FAREWELL TO A GREAT MAN: Guido Regelbrugge passed away on January 30. He was my high school soccer coach (and my two brothers' coach, too), and he was my friend Paul's father. (You've seen Paul post here many times. Although our politics don't exactly align anymore, our hearts are still in the same place, we've concluded.)

Guido was a lion. He was *that* coach, *that* teacher, the one who immediately earned a superhero nickname ("Mr. R." or "Coach R.") and the respect of parents, students, and players alike. He was the adult who took young people seriously, who challenged them to exceed their own expectations by taking themselves seriously. He was not one to let the young off the hook simply because they were young. He invited us to open our ears, to learn, and to grow into ourselves in a hurry. His lot in life -- a blessing and a curse, I'm sure -- was to immediately belong to all he came in contact with. His words and gestures bred stories and mythology.
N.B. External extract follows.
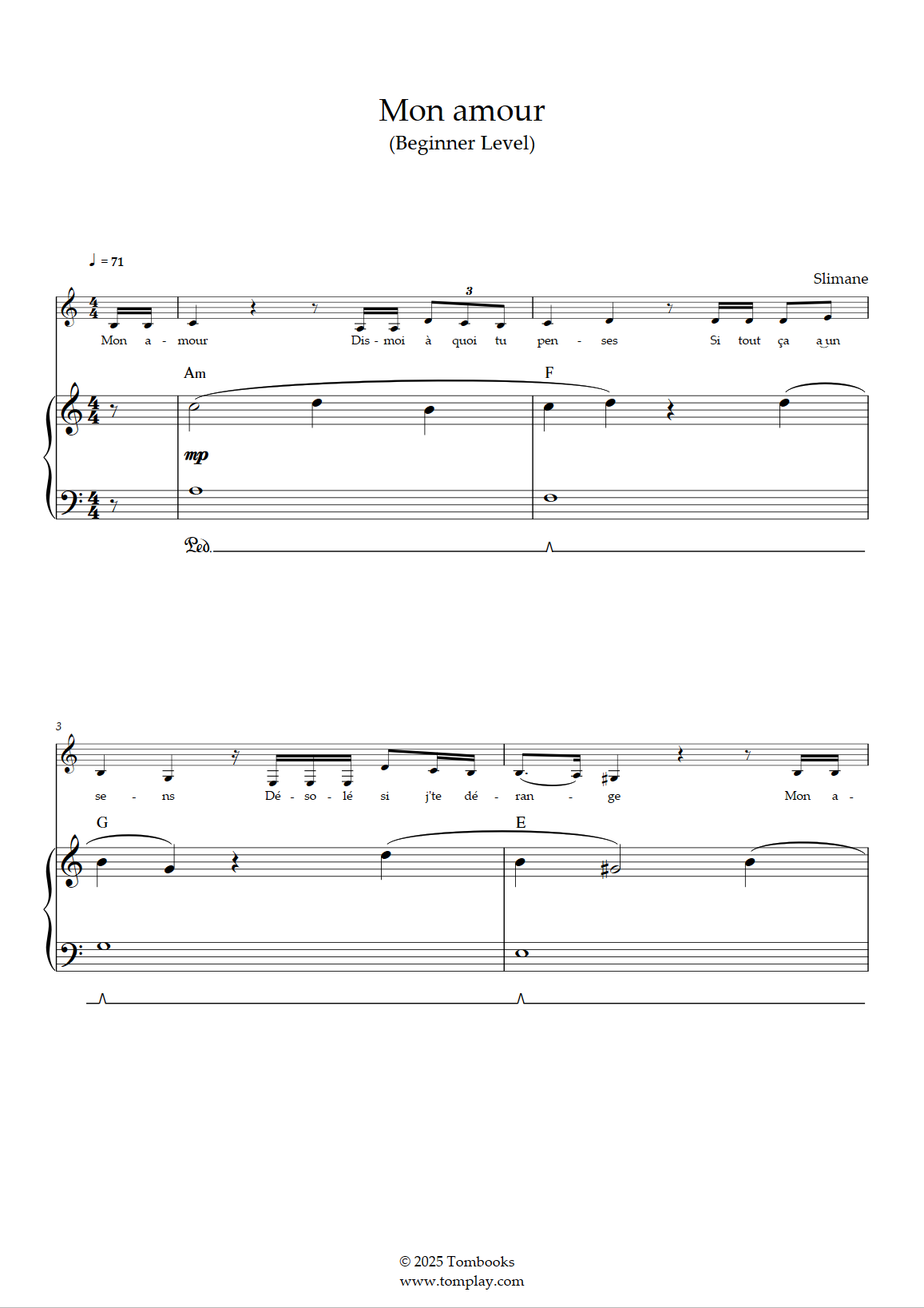 Téléchargez la partition Piano Mon amour (niveau débutant, piano solo) de Slimane. Partiti…

Everybody had a favorite Coach R. story, if not several.

A few of my favorite memories:

  • Upon arriving at a rival team's home field, our coach was greeted with a loud "Guido sucks" from the opposing crowd. (So notorious was he as a coach that he actually inspired people to yell stuff like this!) After we played a great game and kicked their butt, our coach graciously stayed around and congratulated the other team and coach on their fine play. Meanwhile, we all loaded onto the bus. A few minutes later, a somber Guido boarded the bus and paused at the front. We grew silent immediately, waiting to hear what he would say. "Guido sucks!" he yelled at the top of his lungs, bursting into a huge smile. We went nuts.

  • Junior year I received a note in one of my high school classes. "Coach Regelbrugge would like to see you as soon as you're free." I hustled up to his room the minute the period broke. "You're a good kid. You work hard. But you will not be a starter on the soccer team next year. There are young guys who are better than you," he told me. I was crushed. I was certain I'd start my senior year, or at least I was hoping. And you know, even as I write this, I have to be honest. Crap. I knew he was right. Deep down I knew. Then he gave me hope. "If you want to be a starter, there is a way. I want you to be our goalie next year," he said to me. "You will go to camp this summer, and you will learn how to play 'keeper. You will work your butt off, and you will be our starting goalie next year. You're smart, and I trust you to play that important position." I did as he said, and he delivered. God, I'm smiling just writing this. Because I'm also remembering his speech at our awards banquet at the end of the senior season. "Scott Hess was not a great goalie. But he was a hard worker, and he gave us his all, and sometimes that's enough. I want to thank him." Pure Guido.

  • A tiny moment, but one I'll keep with me forever: Guido joins us during a scrimmage and manages to fake a defender to the ground and deliver a no-look pass to a rushing forward who then parks it into the goal. "The old man can still play!" he celebrated, arms extended to the heavens in triumph.

    Indeed he could. And so the old man will be mourned and missed by many, including this grateful writer, who will never give up these memories, and who will always feel that Guido lives on for as long as I do.

  • 1 comment:

    Anonymous said...

    Scott,

    You don't know me, but I was a French student of Mr. R's back in the early 90s. I have asked about Mr. R for years and just came across a Christmas card he sent me back in 1999 as I was cleaning.

    I remember he announced to our senior class that he hears a lot from previous students but never replies to them and that we shouldn't take it personally. So when I received a response that time, it meant so much to me. I never threw it away.

    When I came across his card I googled him only to find your wonderful tribute to him. I had no idea he passed away 3 years ago this month. I was so sad to hear it, but loved your stories. They were such good examples of Mr. R's character.

    No other teacher had the kind of effect on me that Mr. R had. Boy was he tough, but I respected him so much. And he made me stand up for myself. I even stood up to him once and he had greater respect for me after I did. I particularly liked your words, "He was the adult who took young people seriously, who challenged them to exceed their own expectations by taking themselves seriously."

    That's Mr. R.

    Thanks for your wonderful tribute to him. I am sure so many more people feel the same way and will always hold him in high regard.